• YOUR OBJECTIVE:
Quote the listing below in its entirety, omitting every image.
******************************
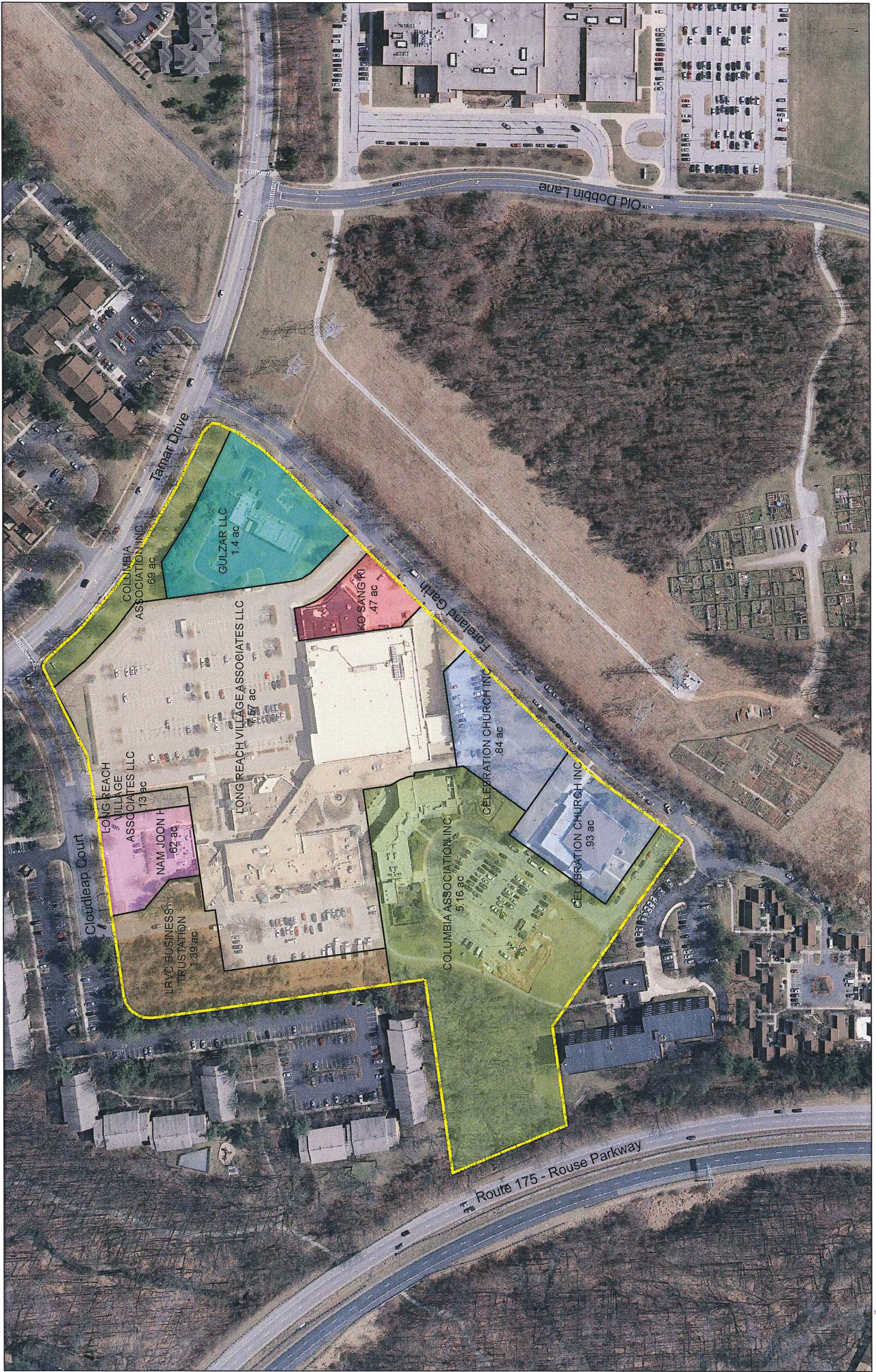
Long Reach Village Center - Exhibit B
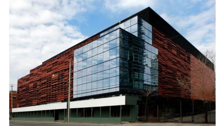
Equinix TR2 IBX data center exterior
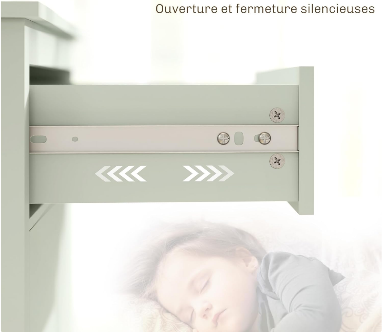
Image: Silent Drawer Guide. This detail shows the smooth-gliding mechanism of the drawer, designed for quiet operation.
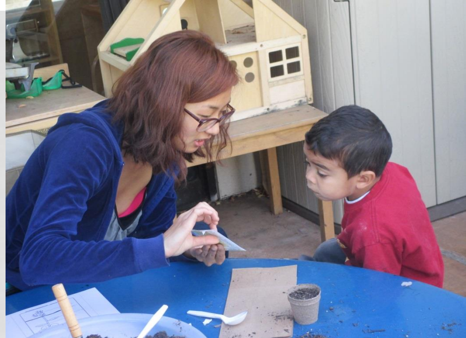
Memories with ASI: Gardening Day
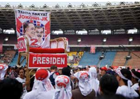
Supporters of president-elect Joko “Jokowi” Widodo carry a chair bearing a sign that endorses his presidential ticket ahead of a July 5 concert. Indonesia’s election commission on July 22 declared Jokowi the victor in Indonesia’s 2014 presidential race.
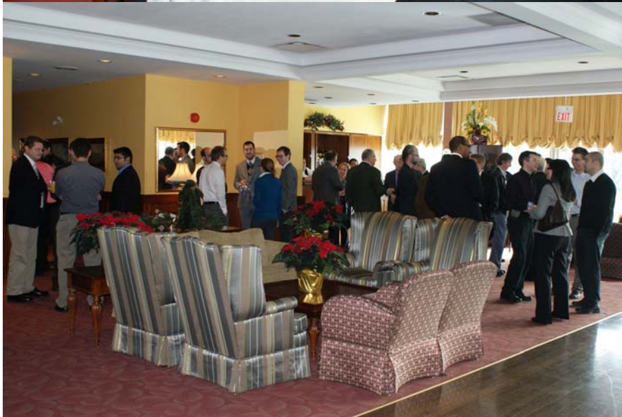
2010 Annual General Meeting
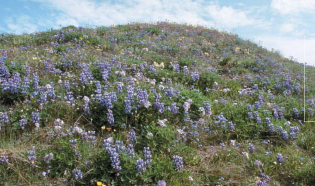
Arctic Lupine covers a knoll on Herschel Island. Vegetation change in Yukon is one impact of climate change.
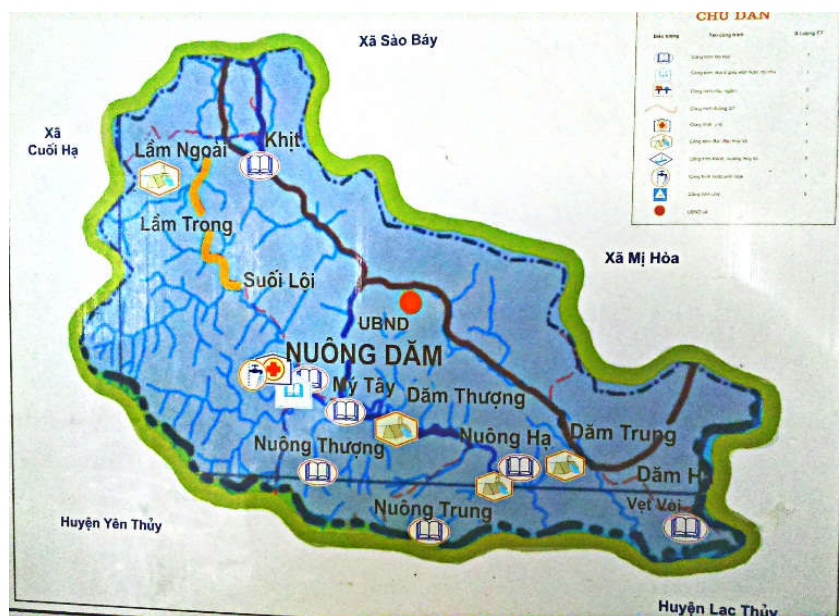
Figure 1. Map of Nuong Dam commune, Kim Boi district, Hoa Binh province

Nuong Dam is a commune with extremely difficult socio-economic conditions in Kim Boi district, Hoa Binh province. Nuong Dam commune lies in the tropical monsoon climate, with two distinct seasons: rainy and dry season, average temperature: 23 0 C, average humidity: 60%, the average rainfall: 1,800 mm. Land of Nuong Dam commune is typically with high fertility suitable for many crops. With hundreds of thousands of hectares of land including the adjoining plots, land in Nuong Dam commune can be used for various purposes, especially afforestation, industrial crops for the agro-forestry and industrial development. The Nuong Dam commune covers an area of 35.66 km 2 (in 2016), with a population of 3,381 people in 1999; 4,058 people in 2016, and a population density of 114 persons/km 2 .
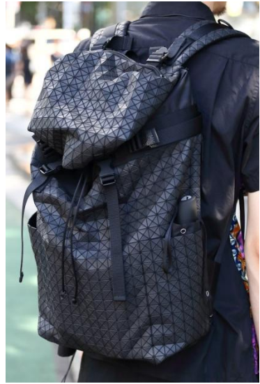
●BAO BAO ISSEY MIYAKE
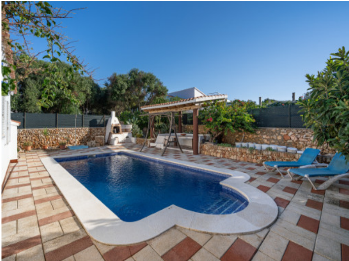
Pool with bbq area
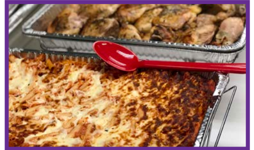
PARADISE RESTAURANT & PIZZA Baked Ziti
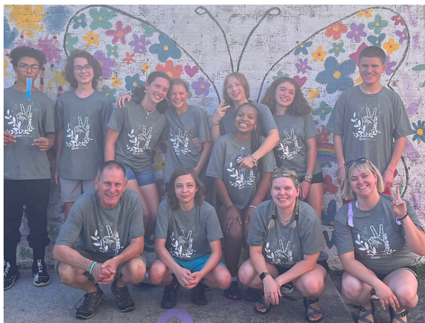
Huge smiles during the Block Party at The Dwelling
******************************
• FINISHED EXERCISE:
Long Reach Village Center - Exhibit B
Equinix TR2 IBX data center exterior
Image: Silent Drawer Guide. This detail shows the smooth-gliding mechanism of the drawer, designed for quiet operation.
Memories with ASI: Gardening Day
Supporters of president-elect Joko “Jokowi” Widodo carry a chair bearing a sign that endorses his presidential ticket ahead of a July 5 concert. Indonesia’s election commission on July 22 declared Jokowi the victor in Indonesia’s 2014 presidential race.
2010 Annual General Meeting
Arctic Lupine covers a knoll on Herschel Island. Vegetation change in Yukon is one impact of climate change.
Figure 1. Map of Nuong Dam commune, Kim Boi district, Hoa Binh province

Nuong Dam is a commune with extremely difficult socio-economic conditions in Kim Boi district, Hoa Binh province. Nuong Dam commune lies in the tropical monsoon climate, with two distinct seasons: rainy and dry season, average temperature: 23 0 C, average humidity: 60%, the average rainfall: 1,800 mm. Land of Nuong Dam commune is typically with high fertility suitable for many crops. With hundreds of thousands of hectares of land including the adjoining plots, land in Nuong Dam commune can be used for various purposes, especially afforestation, industrial crops for the agro-forestry and industrial development. The Nuong Dam commune covers an area of 35.66 km 2 (in 2016), with a population of 3,381 people in 1999; 4,058 people in 2016, and a population density of 114 persons/km 2 .
●BAO BAO ISSEY MIYAKE
Pool with bbq area
PARADISE RESTAURANT & PIZZA Baked Ziti
Huge smiles during the Block Party at The Dwelling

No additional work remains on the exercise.